Yoga for Your Brain.

 thoughts brain mind

Rumor has it that if you practice yoga, you just may end up with a nice, firm “yoga butt.”

According to Urban Dictionary, this is, “very sexy, and it immediately turns eyes and makes people jealous or inspired.”

Now researchers are saying if we do our poses and breath work, we can have a “yoga brain,” too. Just like the yoga butt, it’s well-defined, strong and powerful.

Chantal Villemure and Catherine Bushnell of the National Center for Complementary and Alternative Medicine in Bethesda, MD examined peoples’ brains to prove that size does matter, and yogis have bigger ones. At least, more grey matter and brain volume.

Villemure and Bushnell announced the news about yogis with bigger brains at a conference of neuroscientists in 2013.

In June of 2015 at a symposium for Yoga Therapists, Dharma Singh Khalsa, M.D. echoed the importance of yoga for the brain. Affiliated with the University of New Mexico’s School of Medicine in Albuquerque, Khalsa is founder of the Alzheimer’s Prevention and Research Foundation.

Khalsa’s personal 40-year yogic lifestyle practice follows that of Yogi Bhajan, who once said, “Those who meditate not only don’t develop dementia, they go into another dimension.”

If Sudoku isn’t for you, Khalsa has other ways to keep your mind supple and prevent dementia: Sit, and sing.

In 1965, I got hooked on vocals watching The Sound of Music in a big theater in downtown Chicago. For the next few months, I was on cloud nine, belting out “Climb Ev’ry Mountain” and “Sixteen Going on Seventeen.”

When I chant, I don’t want to stop.

Grammy-nominated Krishna Das has said that only with Kirtan (devotional singing) can you repeat the same few words for 30 minutes without it getting old.

Khalsa’s Rx for the brain is called Kirtan Kriya. It’s consists of chanting a few syllables for 12 minutes a day. His method incorporates several of the principles taught by Yogi Bhajan: posture, breath, mudras (hand positions), mantra and focus of concentration (in this case, visualization) to offset Alzheimer’s.

Bhajan was not a physician or a scientist. However, as the son of a medical doctor he learned yoga as a child and was proclaimed a Master of Kundalini Yoga when he was only 16 years old. Bringing Kundalini Yoga to North America, his brand of yoga took the traditions from sages and modified it for people with everyday working lives.

Techniques Bhajan encouraged are not uncommon in yoga.

And while people have seen the benefits of yoga for thousands of years, it’s more recently that people have questioned, and examined, “why?”

Khalsa has been studying the brain since 2003, partnering with institutions like The Ministry of Health and Welfare in Finland and UCLA. He says brain health is important, especially when you look at some of the statistics regarding Alzheimer’s Disease (AD):

Women are twice as likely as men to develop AD in their sixties.

A woman’s lifetime risk for AD is higher than that for breast cancer.

Every 67 seconds, someone is diagnosed with AD.

AD is the sixth leading cause of death.

AD costs our society as much as heart disease and cancer.

“We’re having an epidemic in lifestyle diseases,” says Khalsa. “Yoga is appearing at just the right time. Modern research reveals that lifestyle activity can promote cognitive health in aging and protect against cerebrovascular pathology and perhaps beta-amyloidpathology, which leads to AD.”

Dr. Khalsa’s analytical side captured brain scans of people before and after mantra chanting. His study concludes that the chanting can reverse some of the symptoms of memory loss and increase telomerase, the rejuvenating enzyme that slows cell aging.

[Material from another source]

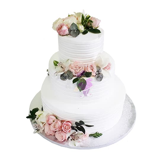 Свадебный торт изготовлен на заказ. Вес такого торта от 5 до 8 кг . Снаружи трехъярусный торт покрыт кремом, без мастики и украшен цветами . Наполнитель может быть с белковым кремом, с кремом на растительных сливках, с масляным кремом, с творожным кремом, с шоколадным кремом, со сливочно-творожным кремом, со сливочным кремом, со сметанным кремом . Белый торт . Коржи могут быть бисквитные, медовые, песочные, шоколадные. Цена от 237 р. Заказать, купить готовый торт на свадьбу по низкой цене в кондитерской Добрый пекарь ☎ + 375 44 700 40 15
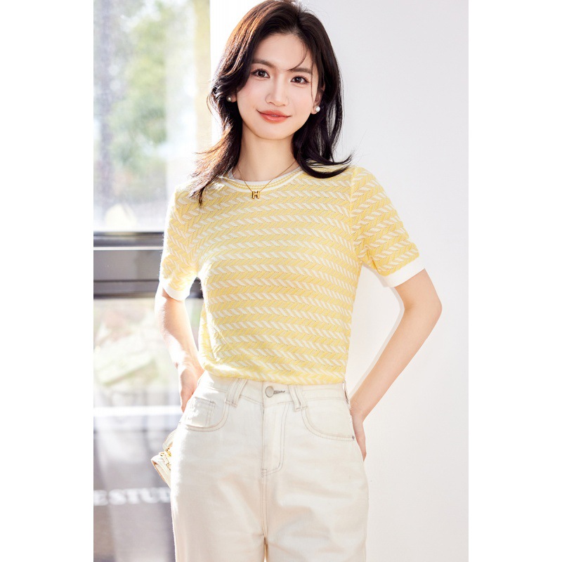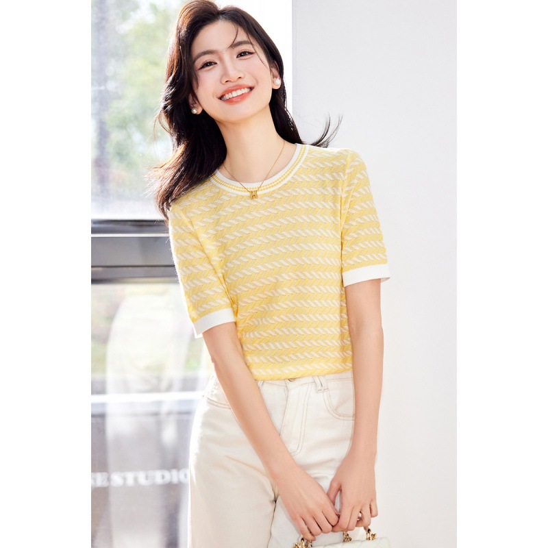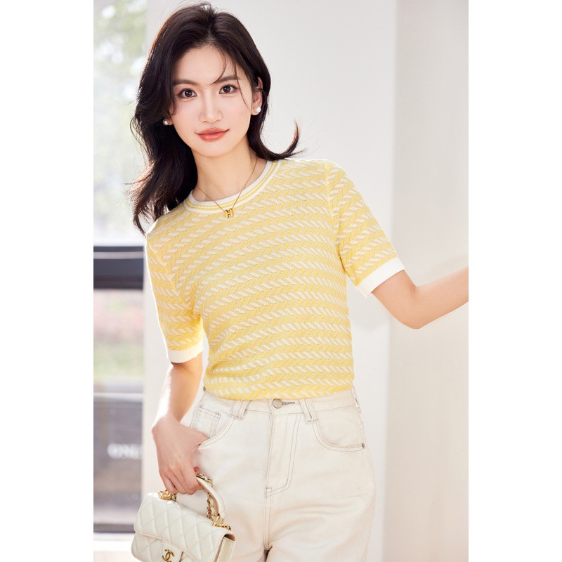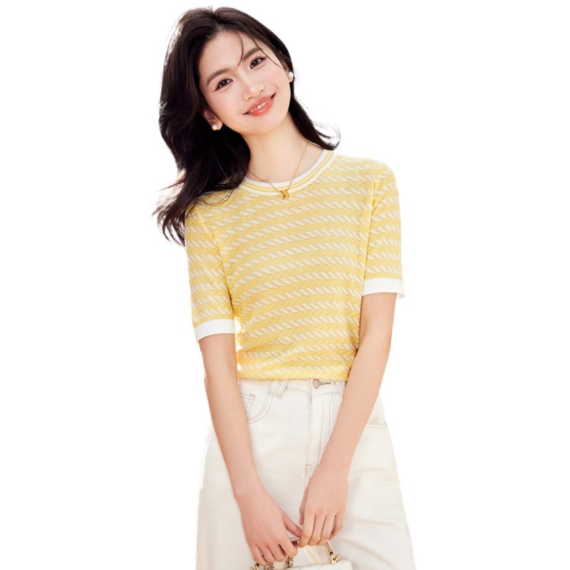 | nameOriginal | Real shot ◆ in stock ◆ 2024 summer xiangfeng short light ice silk sweater striped short sleeve top for women in summer |

“The increase in telomerase of 43 percent by participants practicing Kirtan Kriya was the largest increase found in any study. Shorter telomeres are associated with chronic diseases like Alzheimer’s (and a shorter lifespan).”

So give your brain—and your booty—a boost.

Size does matter when you’re talking telomeres.

Inhale deeply. Sit with your back nice and erect. Touch your fingers. Chant, and be happy.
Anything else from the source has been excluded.